DATASET EXTRACT:
==================================================
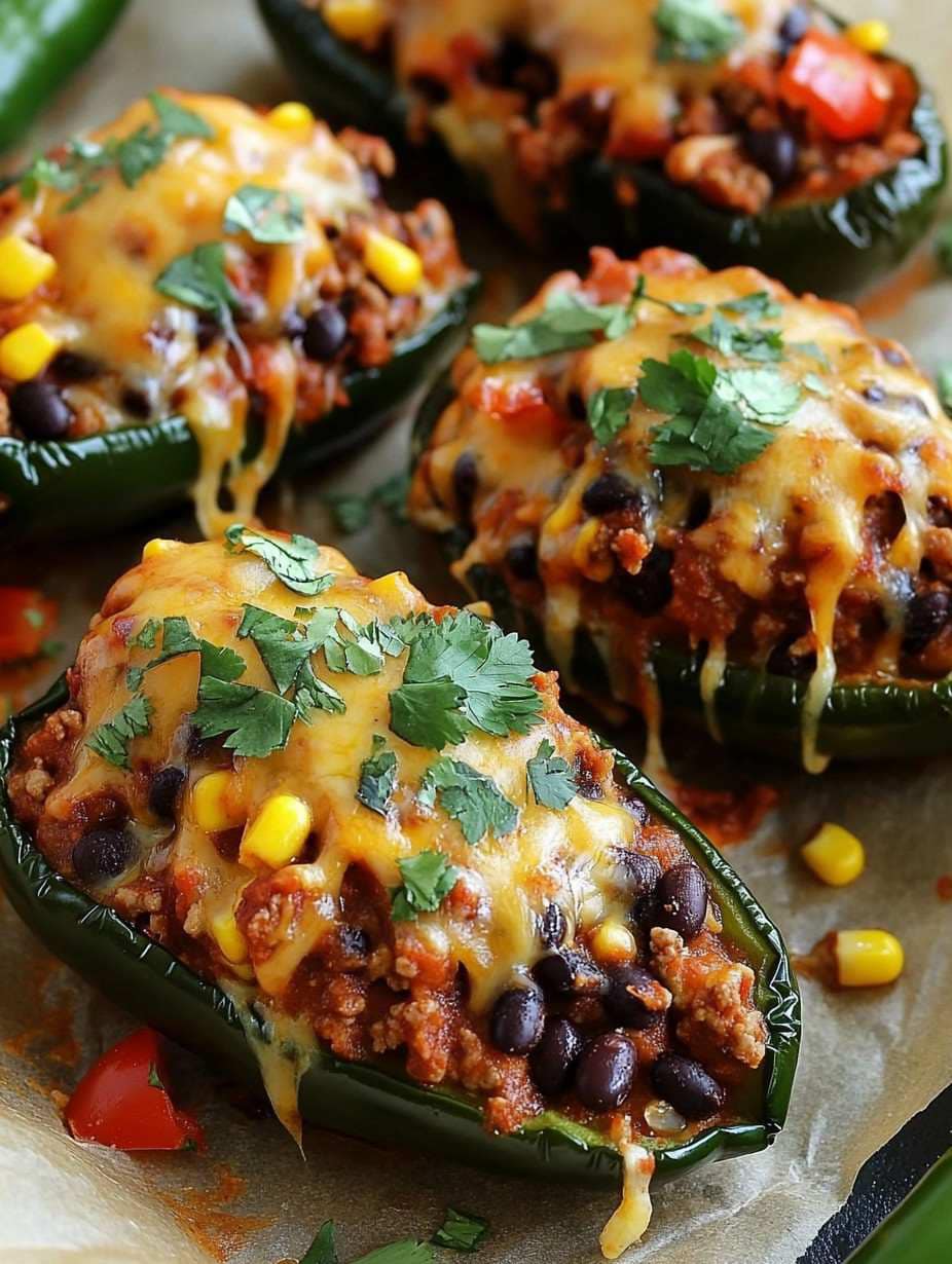 Gevulde Poblano-pepers in Mexicaanse stijl zijn een heerlijk en stevig gerecht dat rokerige, milde poblano-pepers combineert met een smaakvolle vulling van gekruid gehakt, zwarte bonen, maïs, tomaten en gesmolten kaas. Dit gerecht is een perfecte balans tussen gedurfde kruiden en geruststellende texturen, waardoor het een favoriet is voor doordeweekse diners of speciale bijeenkomsten. Of ze nu gebakken of gegrild zijn, deze gevulde poblano’s leveren authentieke Mexicaanse smaken die je doen verlangen naar meer.
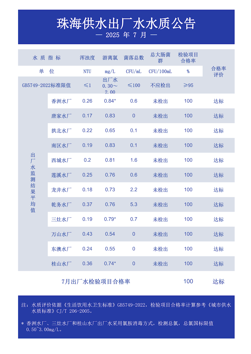 2025年7月珠海供水出廠水水質(zhì)公告 發(fā)布時(shí)間:2025年08月13日 瀏覽次數(shù): 次 小大 原文下載: 2025年7月珠海供水出廠水水質(zhì)公告.doc 【打印正文】
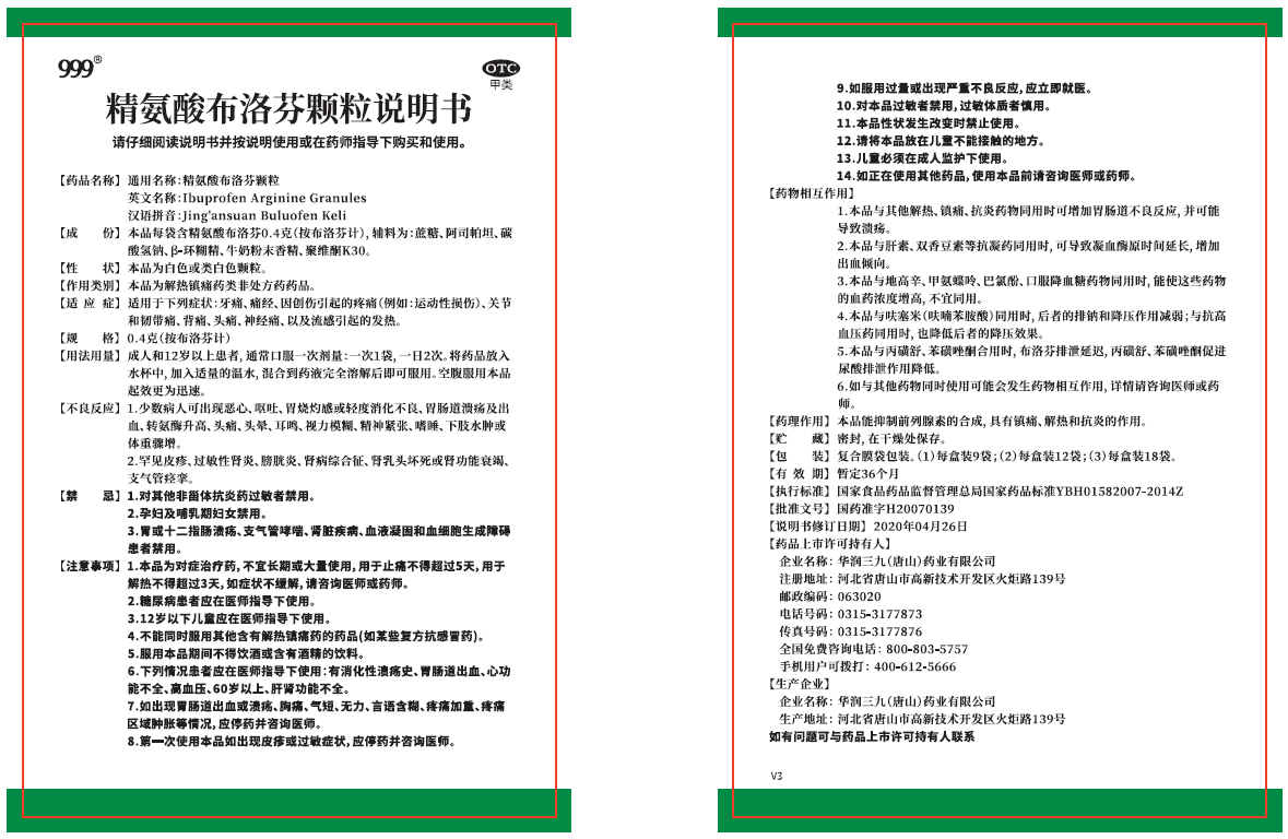 精氨酸布洛芬颗粒说明书(9袋、12袋、18袋)v3
==================================================
With the pictures removed, return the full listing exactly as given.

 Gevulde Poblano-pepers in Mexicaanse stijl zijn een heerlijk en stevig gerecht dat rokerige, milde poblano-pepers combineert met een smaakvolle vulling van gekruid gehakt, zwarte bonen, maïs, tomaten en gesmolten kaas. Dit gerecht is een perfecte balans tussen gedurfde kruiden en geruststellende texturen, waardoor het een favoriet is voor doordeweekse diners of speciale bijeenkomsten. Of ze nu gebakken of gegrild zijn, deze gevulde poblano’s leveren authentieke Mexicaanse smaken die je doen verlangen naar meer.
 2025年7月珠海供水出廠水水質(zhì)公告 發(fā)布時(shí)間:2025年08月13日 瀏覽次數(shù): 次 小大 原文下載: 2025年7月珠海供水出廠水水質(zhì)公告.doc 【打印正文】
 精氨酸布洛芬颗粒说明书(9袋、12袋、18袋)v3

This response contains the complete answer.